** STUDY MATERIAL follows **

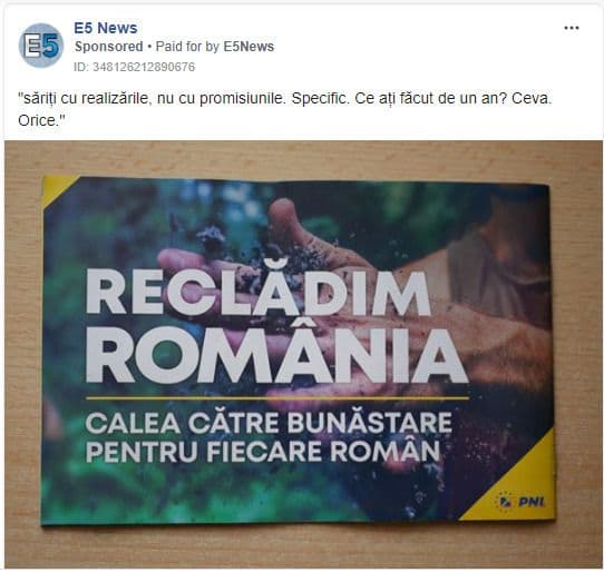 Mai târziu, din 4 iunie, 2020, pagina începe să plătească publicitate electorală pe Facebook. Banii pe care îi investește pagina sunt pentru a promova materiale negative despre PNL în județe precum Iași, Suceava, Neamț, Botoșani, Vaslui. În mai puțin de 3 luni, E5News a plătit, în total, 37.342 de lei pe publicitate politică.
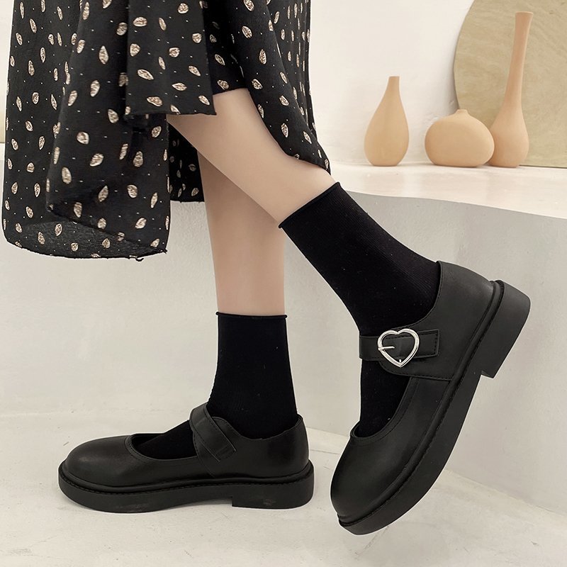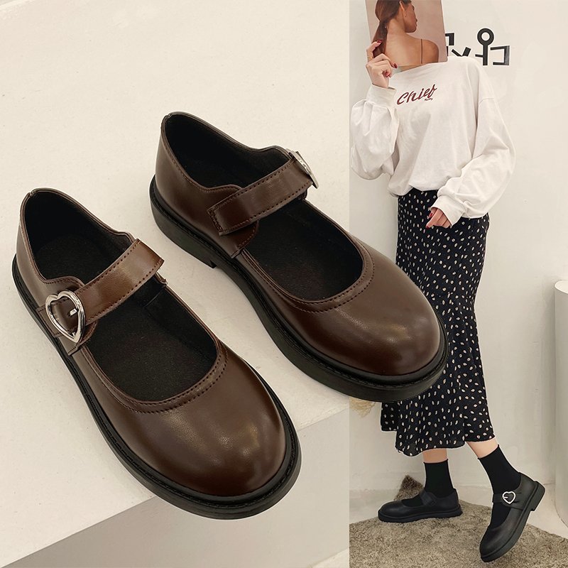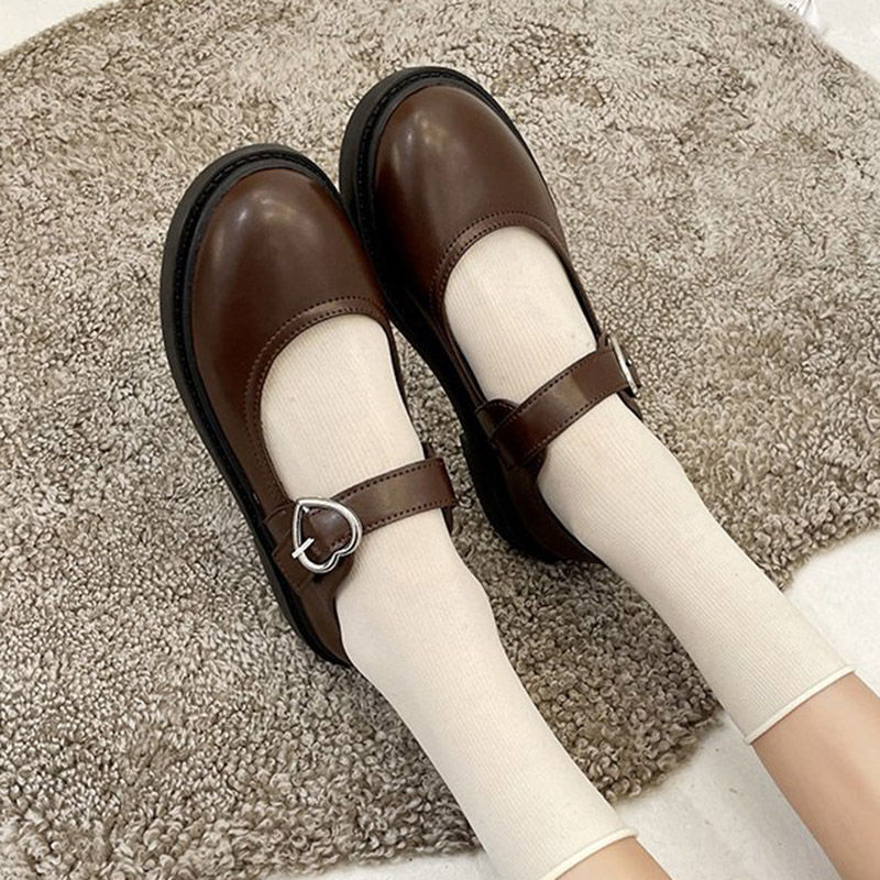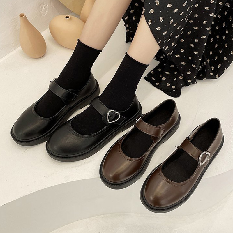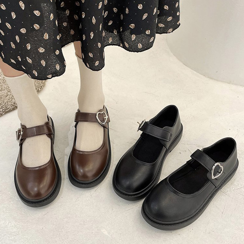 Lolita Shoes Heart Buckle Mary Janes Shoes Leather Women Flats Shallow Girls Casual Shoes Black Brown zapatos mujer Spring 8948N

** End of STUDY MATERIAL **
** STUDY MATERIAL follows **

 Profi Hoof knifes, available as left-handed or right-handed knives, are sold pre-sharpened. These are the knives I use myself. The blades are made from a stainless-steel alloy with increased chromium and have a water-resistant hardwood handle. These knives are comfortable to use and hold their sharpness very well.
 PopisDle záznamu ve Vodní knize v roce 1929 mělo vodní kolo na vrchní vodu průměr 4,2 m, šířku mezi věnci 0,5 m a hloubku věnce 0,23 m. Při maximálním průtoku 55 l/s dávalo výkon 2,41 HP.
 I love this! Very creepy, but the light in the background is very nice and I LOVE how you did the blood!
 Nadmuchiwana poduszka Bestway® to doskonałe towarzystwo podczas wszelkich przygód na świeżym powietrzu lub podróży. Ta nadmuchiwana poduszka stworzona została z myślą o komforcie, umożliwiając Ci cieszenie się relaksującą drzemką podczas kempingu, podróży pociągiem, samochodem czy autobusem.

** End of STUDY MATERIAL **

## TRY IT
Look above for the line with "Mai târziu, din" and the line with "Lolita Shoes Heart", then copy them and all lines in between exactly as written, and only those, without any pictures.

## OUTPUT OF THE TASK
 Mai târziu, din 4 iunie, 2020, pagina începe să plătească publicitate electorală pe Facebook. Banii pe care îi investește pagina sunt pentru a promova materiale negative despre PNL în județe precum Iași, Suceava, Neamț, Botoșani, Vaslui. În mai puțin de 3 luni, E5News a plătit, în total, 37.342 de lei pe publicitate politică.
 Lolita Shoes Heart Buckle Mary Janes Shoes Leather Women Flats Shallow Girls Casual Shoes Black Brown zapatos mujer Spring 8948N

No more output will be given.